Should we be afraid of AI? - tonybeltramelli
https://aeon.co/essays/true-ai-is-both-logically-possible-and-utterly-implausible
======
YeGoblynQueenne
I'll keep this from the article:

>> We share the infosphere with digital technologies. These are ordinary
artefacts that outperform us in ever more tasks, despite being no cleverer
than a toaster. Their abilities are humbling and make us reevaluate human
exceptionality and our special role in the Universe, which remains unique. We
thought we were smart because we could play chess. Now a phone plays better
than a Grandmaster. We thought we were free because we could buy whatever we
wished. Now our spending patterns are predicted by devices as thick as a
plank.

More to the point, we don't need superintelligence to do great damage to
ourselves, and possibly even destroy ourselves. A machine that's thick as a
brick and in control of vital systems will cause disaster already.

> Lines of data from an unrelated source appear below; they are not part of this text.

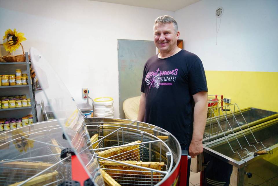 – Pszczoły to taka działalność po godzinach, w międzyczasie – żartuje, ale pszczoły traktuje bardzo poważnie. W ocenie lekarza weterynarii, pasieka Na Wzniesieniach Łódzkich jest jedną z lepiej utrzymanych. Pan Piotr bardzo dba o swoje rodziny, regularnie objeżdża ule i… rozmawia z pszczołami. – Tak, rozmawiam z psiulkami, cały czas, a najczęściej jak mnie żądlą – przyznaje ze śmiechem.
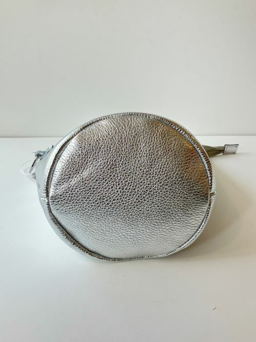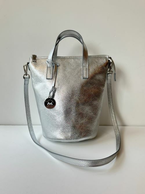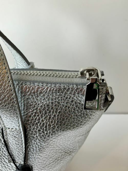 洗練されたデザインのシルバーメタリックハンドバッグです。ショルダーストラップがついており、デイリーから特別なシーンまで幅広く活躍するアイテムです。フロントのロゴチャームがアクセントとなり、シンプルながらも存在感のあるデザインです。
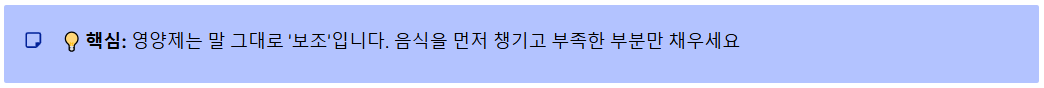 💡 핵심: 영양제는 말 그대로 '보조'입니다. 위에서 소개한 음식을 먼저 챙기고, 부족한 부분만 채우세요.
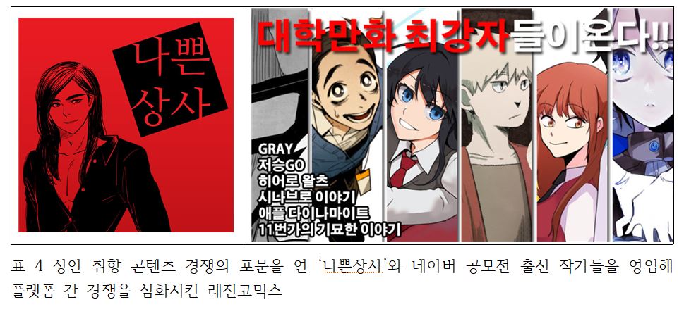 이제 네 번째 경쟁이다. 웹툰 유료화는 카카오와 한 몸이 된 다음에게도 기회가 됐다. 카카오페이지는 내러티브 콘텐츠와 충성도 높은 고객층을 중심으로 유료 시장의 승기를 잡았다. 네이버는 트래픽을 통해 확장된 독자층을 중심으로 콘텐츠의 양적 성장을 주도해 웹툰 장르의 백화점을 구축했고 카카오페이지(다음), 레진으로 발길을 돌렸던 작가와 독자를 재집결 시켰다. 그리고 유료 매출과 트래픽의 한계를 돌파하기 위해 해외 시장을 공략하고 있다. 레진과 레진 이후 시장 진입에 성공한 다수의 플랫폼들 역시 유료 고객을 위해 장르화 된 콘텐츠의 기획 개발과 해외 시장으로의 유통에 집중하고 있다. 웹툰산업에 투자가 집중되면서 경쟁이 다각화 되고 참여 그룹들의 개체수가 많아진 것이다. 이 같은 경쟁 국면을 한마디로 정리하자면 웹툰IP(지식재산권) 활용 시장 경쟁이라 할 수 있다. 웹툰에 담긴 캐릭터, 스토리, 세계관 등을 이용하거나 연장해 영화, 드라마, 게임, 공연, 음원 등의 연관 콘텐츠를 만들고 각종 라이센스 상품을 유통하는 것이다. 물론, 이 같은 저작권 거래는 그 이전부터 있었다. 그런데 최근 흐름은 단순한 권리 판매 방식이 아니라 권리를 기반으로 한 투자와 자체 제작 및 배급까지 관여하고 있다. 영화제작사에 웹툰 원작의 영화판권을 판매하는 방식이 아니라 영화제작사를 인수하거나 설립해서 웹툰 원작 영화를 직접 만들고, 연예기획사를 인수하거나 설립해서 소속 배우를 출연시키고, 소속 가수가 OST를 내게 해 이를 자사 또는 관계사 플랫폼을 통해 확산 시키는 방식이다. 이처럼 웹툰IP 활용 시장 경쟁은 이른바 웹툰산업의 규모를 확장하고 웹툰산업의 종합 엔터테인먼트화를 촉진할 것으로 보인다.
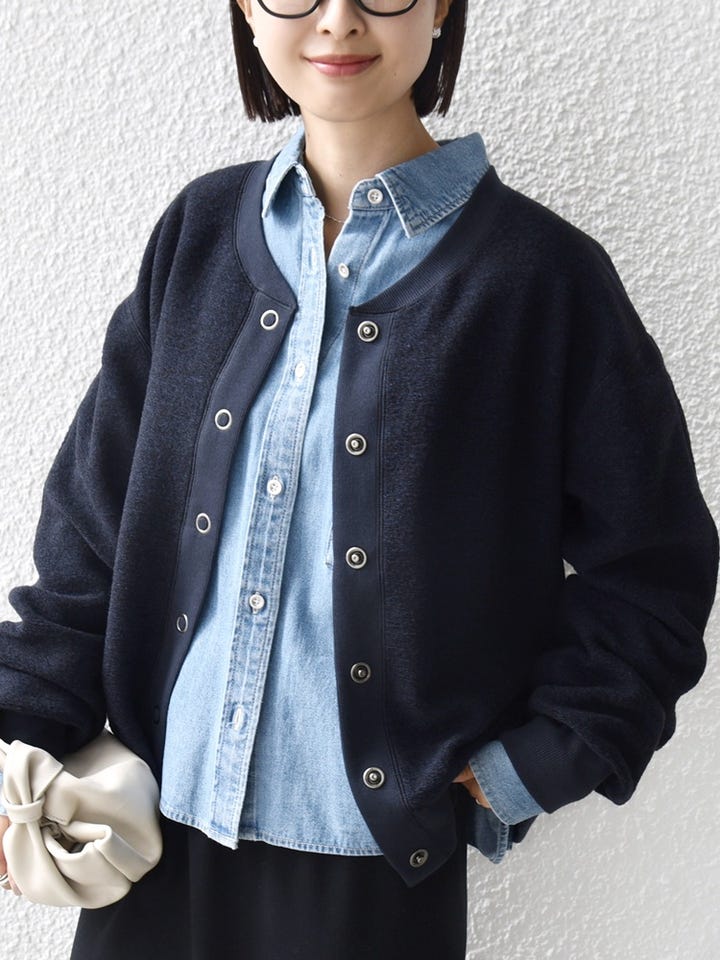 着心地:あたたかいのに軽い着心地◎ニットの柔らかな表面感と、カットソーのような扱いやすさを併せ持ったカーディガンです。

My worry with all that is that the hype that surrounds AI risks keeping us
from realising this and trusting dumb technology to do work that requires real
intelligence.

Edit: Oh dear. Also, this:

 _What’s the difference [between yourself and AlphaGo]? The same as between
you and the dishwasher when washing the dishes._

ZOMG did that guy just say AlphaGo is no smarter than your dishwasher? Oh yes
he did! And he's totally right.